*Data in this exercise:*
________

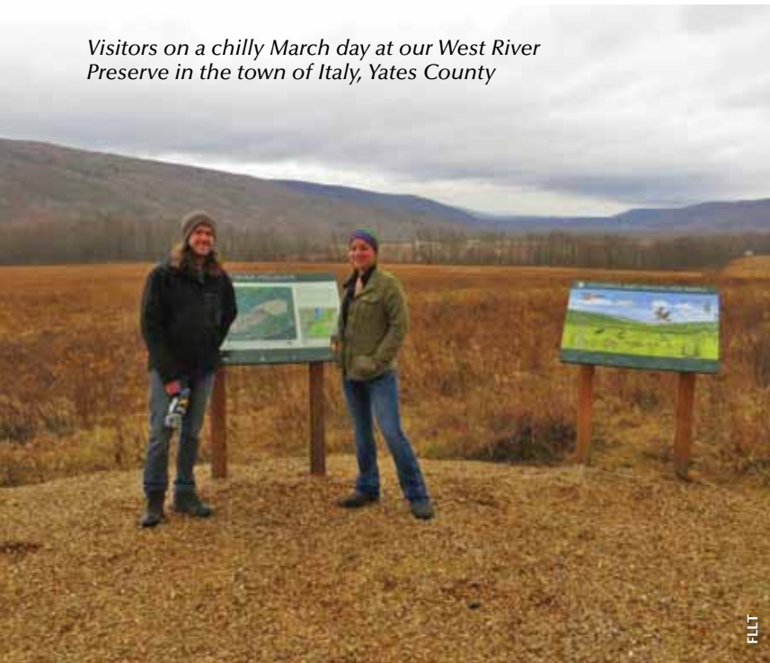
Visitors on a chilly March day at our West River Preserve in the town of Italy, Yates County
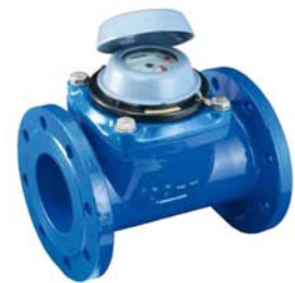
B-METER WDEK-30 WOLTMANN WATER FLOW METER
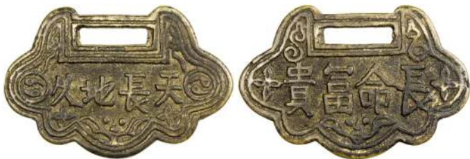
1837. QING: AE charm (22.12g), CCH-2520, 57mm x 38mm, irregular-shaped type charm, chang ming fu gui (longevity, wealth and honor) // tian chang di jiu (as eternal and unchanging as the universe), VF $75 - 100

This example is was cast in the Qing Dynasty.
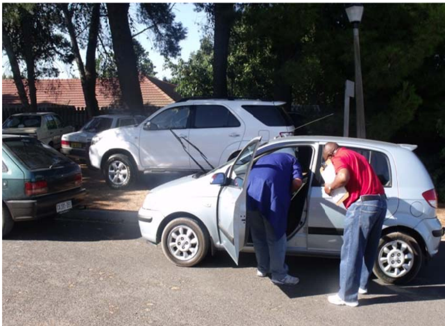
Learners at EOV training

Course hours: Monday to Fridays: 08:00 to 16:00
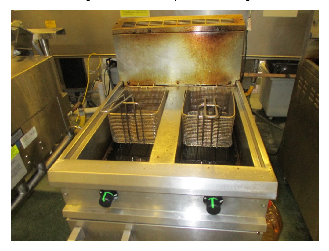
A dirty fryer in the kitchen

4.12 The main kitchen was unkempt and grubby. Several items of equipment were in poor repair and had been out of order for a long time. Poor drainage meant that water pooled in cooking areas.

________

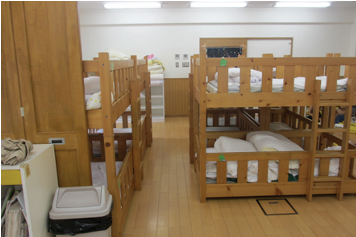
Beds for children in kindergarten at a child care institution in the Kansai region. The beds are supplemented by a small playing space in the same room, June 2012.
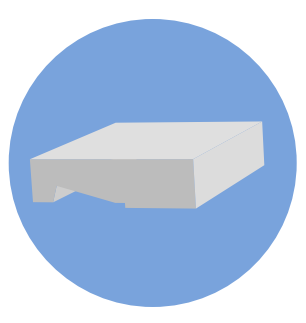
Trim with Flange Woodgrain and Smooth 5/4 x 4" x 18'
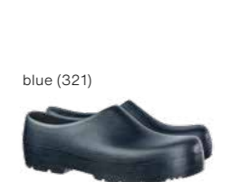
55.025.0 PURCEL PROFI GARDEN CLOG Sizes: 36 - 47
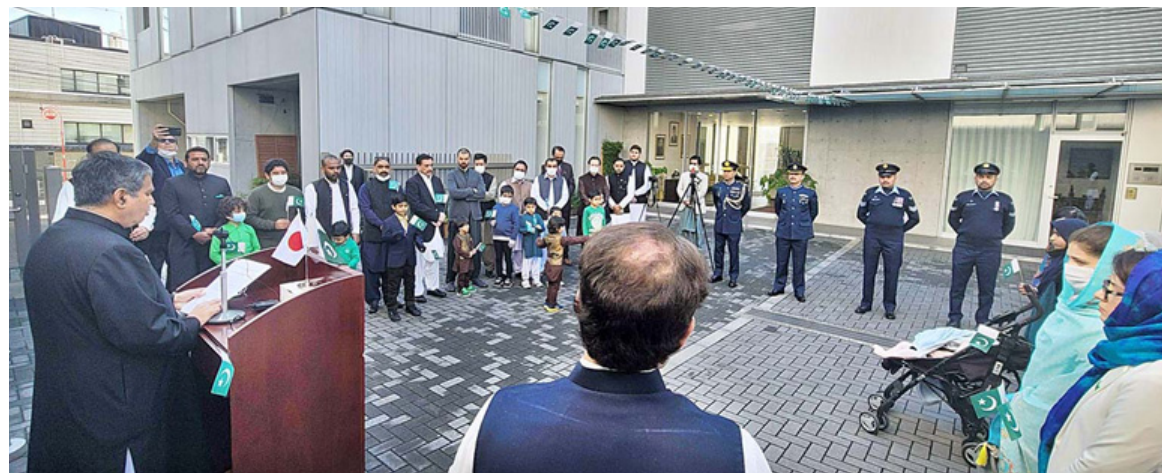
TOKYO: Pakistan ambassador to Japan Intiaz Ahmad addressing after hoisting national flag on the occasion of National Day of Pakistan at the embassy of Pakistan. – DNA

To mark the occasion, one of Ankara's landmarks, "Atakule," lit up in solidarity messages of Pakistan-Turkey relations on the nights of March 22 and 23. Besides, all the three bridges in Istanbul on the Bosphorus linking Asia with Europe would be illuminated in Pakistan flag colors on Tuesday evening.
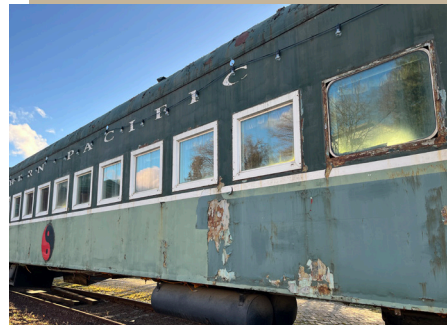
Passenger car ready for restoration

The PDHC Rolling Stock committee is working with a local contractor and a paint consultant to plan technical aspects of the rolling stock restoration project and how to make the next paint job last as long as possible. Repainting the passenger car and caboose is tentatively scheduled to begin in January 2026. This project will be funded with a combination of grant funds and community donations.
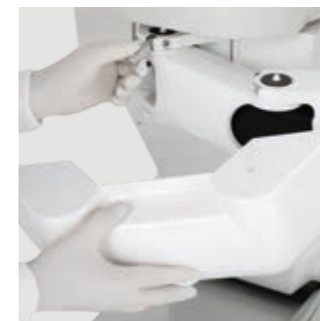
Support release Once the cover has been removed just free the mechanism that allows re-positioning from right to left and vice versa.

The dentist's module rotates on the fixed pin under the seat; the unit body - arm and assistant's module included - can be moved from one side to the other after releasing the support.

________

*What the exercise asks:*
Take from the material above the lines running from the one with "1837. QING: AE" through the one with "This example is was cast in the Qing Dynasty.", and repeat them exactly, with nothing else.

*Solution to this exercise:*
1837. QING: AE charm (22.12g), CCH-2520, 57mm x 38mm, irregular-shaped type charm, chang ming fu gui (longevity, wealth and honor) // tian chang di jiu (as eternal and unchanging as the universe), VF $75 - 100

This example is was cast in the Qing Dynasty.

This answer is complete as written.